The Web Scraping Script
We are now ready to start writing the scraper. Let’s create a python file in at the root of the folder “simple-scraper” called “scrapper.py.”
touch scrapper.py
Open the file with your preferred text editor and let’s start writing the code to scrape a web page. For our purposes, I have created a basic page to scrape that has client-side rendered HTML. You can find the example file here: http://sadesmith.com/examples/simple-scrapper/index.html{:target="_blank"}. Lets quickly examine the content of the page. The page simply lists the names of basketball players on the 2018 Golden State Warriors Roster — there is one header and an unordered list. Our goal will be simple, scrape all the names of the roster and print them out once collected.
The first task will be to load the webpage using the driver we just downloaded. We will need to tell the WebDriver where the driver is located by setting the executable path on the Chrome class. Then we can request the webpage by using the get method of the driver.
import os
from selenium import webdriver
driver = webdriver.Chrome(executable_path= os.path.abspath('')+'/chromedriver')
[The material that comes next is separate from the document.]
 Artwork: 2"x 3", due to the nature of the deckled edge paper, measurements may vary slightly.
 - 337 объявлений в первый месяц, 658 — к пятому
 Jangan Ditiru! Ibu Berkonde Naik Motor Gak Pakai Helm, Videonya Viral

url = "http://www.sadesmith.com/examples/simple-scrapper/index.html"
driver.get(url)
Next, we will need to tell the WebDriver to wait a few seconds before parsing the page. We will import the time module and use the sleep method. We will give the method the value of 3, thus the wait time will be 3 seconds.
import os
from selenium import webdriver
import time
driver = webdriver.Chrome(executable_path= os.path.abspath('')+'/chromedriver')
url = "http://www.sadesmith.com/examples/simple-scrapper/index.html"
driver.get(url)
time.sleep(3)
We are ready to parse but before we do that let’s import beautiful soup.
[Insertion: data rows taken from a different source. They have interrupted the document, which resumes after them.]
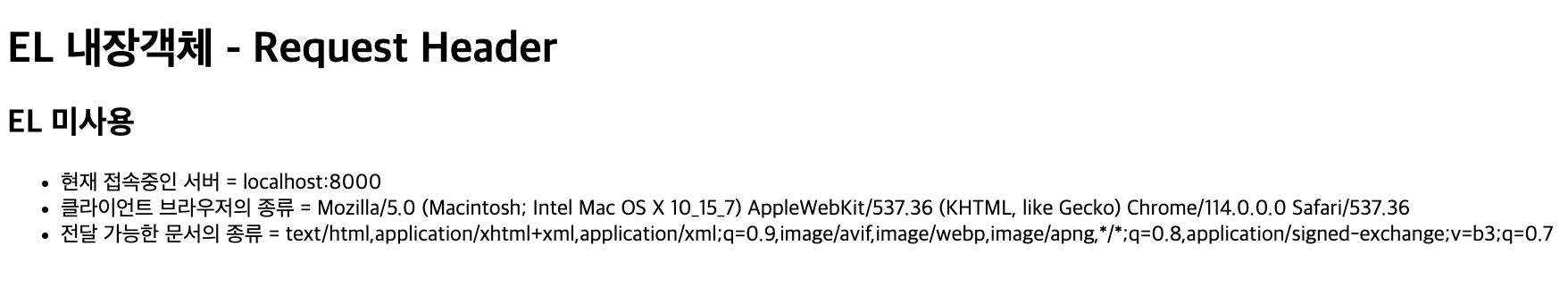 EL 표현식에서 header 내장객체 또는 headerValues 내장객체를 사용하여 리퀘스트 메세지의 머릿부에 저장된 값을 제공받아 출력 처리가 가능하다.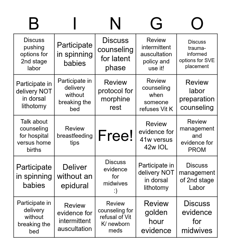 This bingo card has a free space and 24 words: Deliver without an epidural, Review evidence for intermittent auscultation, Review protocol for morphine rest, Participate in delivery without breaking the bed, Discuss trauma-informed options for SVE placement, Discuss pushing options for 2nd stage labor, Participate in delivery NOT in dorsal lithotomy, Participate in spinning babies, Review evidence for 41w versus 42w IOL, Discuss evidence for midwives :), Review counseling when someone refuses Vit K, Talk about counseling for hospital versus home births, Participate in delivery NOT in dorsal lithotomy, Discuss management of 2nd stage Labor, Participate in delivery without breaking the bed, Review golden hour evidence, Review management and evidence for PROM, Discuss counseling for latent phase, Review labor preparation counseling, Review breastfeeding tips, Discuss evidence for midwives, Participate in spinning babies, Review intermittent auscultation policy and use it! and Review counseling for refusal of Vit K/ newborn meds.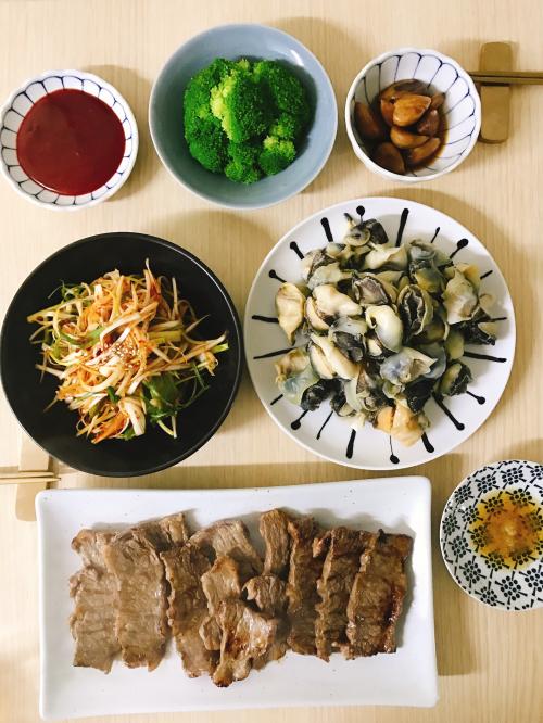 코스트코 다녀왔으니 꽃갈비살이 메인이고, 얼마전부터 생각나던 소라도 사왔어요.
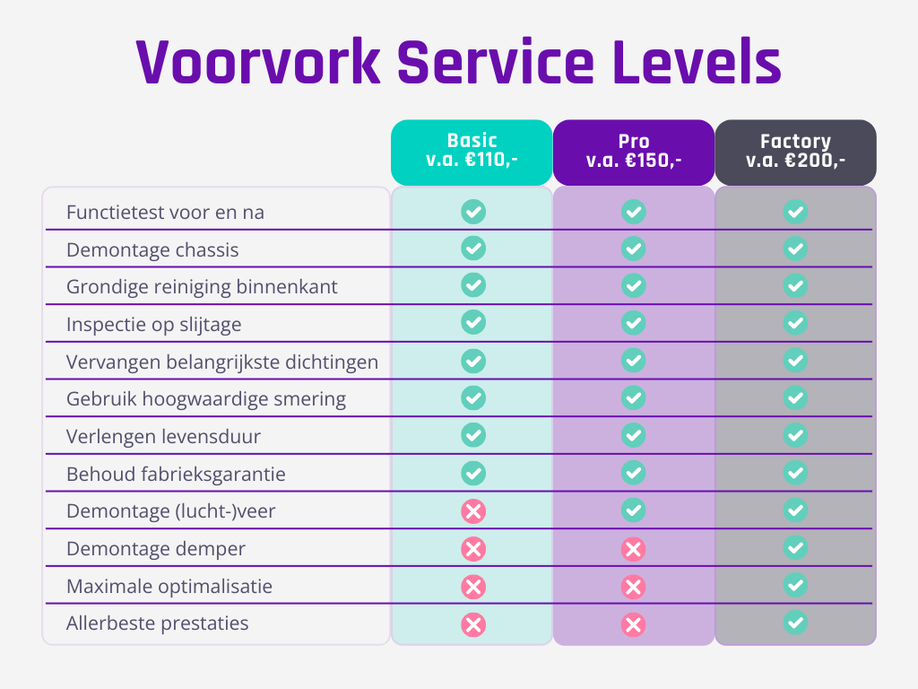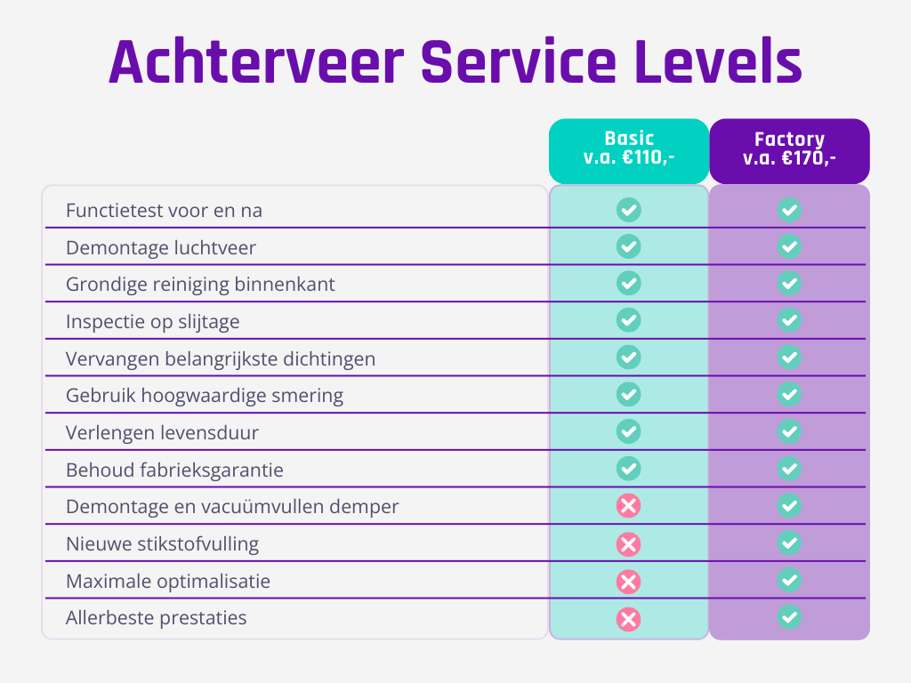Kies bij defecten aan bijvoorbeeld de luchtveer (bijv. lek) of de demper (bijv. lockout) het bijbehorende service level tijdens het boeken van je service.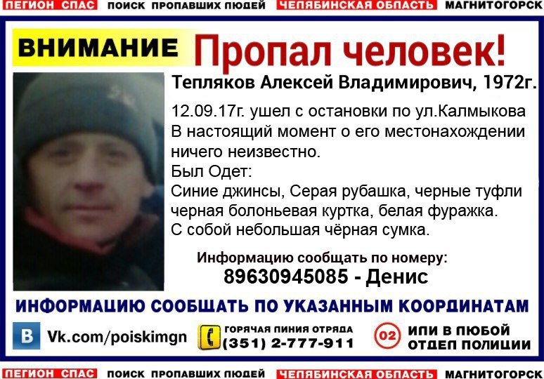 Тепляков Алексей Владимирович 1972 года рождения 12 сентября ушел с остановки по улице Калмыкова. В настоящий момент о его местонахождении ничего неизвестно. — сообщили сайту «Первый областной» волонтеры поискового отряда «Легион-Спас».
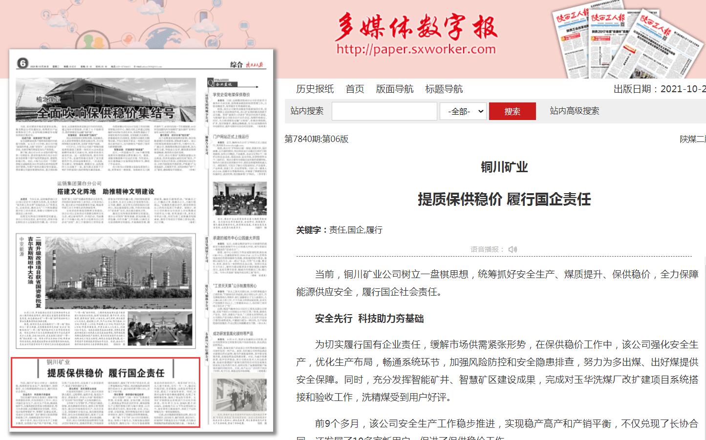 當(dāng)前,銅川礦業(yè)公司樹立一盤棋思想,統(tǒng)籌抓好安全生產(chǎn)、煤質(zhì)提升、保供穩(wěn)價(jià),全力保障能源供應(yīng)安全,履行國企社會責(zé)任。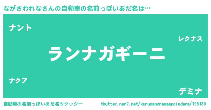 ながさわれなさんの自動車の名前っぽいあだ名は… 『ランナガギーニ』『ナント』『デミナ』 ツクッター #自動車の名前っぽいあだ名ツクッター http://tkutter.nan7.net/kurumanonamaepoiadana/195180/

from bs4 import BeautifulSoup
Now we can grab the content we need to parse. With the WebDriver loading the page, we can now view content loaded client-side. WebDriver’s page_source will return the source code of the DOM as a string. We can use BeautifulSoup to parse the HTML string, with its HTML parser.
page_html = driver.page_source
bsoup = BeautifulSoup(page_html, 'html.parser')
With the BeautifulSoup object, we can then use the library to its full extent. If you are unfamiliar with BeautifulSoup you can find more documentation here about how to parse: https://www.crummy.com/software/BeautifulSoup/bs4/doc/. For our example, we know that all the names on the Warrior’s rosters are in an unordered list, in list item tag with the class name of “name”. So we can grab all list item elements with the class attribute name then loop through them print them out.
player_names = bsoup.findAll('li', attrs={'class': 'name'});
for player_name in player_names:
print player_name.text
Wrapping it all up
We are done with the simple scrapper and your file should now look this:
import os
from selenium import webdriver
import time
from bs4 import BeautifulSoup
driver = webdriver.Chrome(executable_path= os.path.abspath('')+'/chromedriver')
driver.get(url)
time.sleep(3)
page_html = driver.page_source
bsoup = BeautifulSoup(page_html, 'html.parser')
player_names = bsoup.findAll('li', attrs={'class': 'name'});
for player_name in player_names:
print player_name.text
Now let’s run the project in the terminal! Make sure your current working directory is “simple-scrapper” and run the script.
python scrapper.py
If everything went well, you should see the names of the players on the 2018 Golden State Warriors printed in your terminal screen. We have accomplished our objective! Via our simple web scraper script, we were able to scrape HTML that was generated on the client-side using Selenium and Python.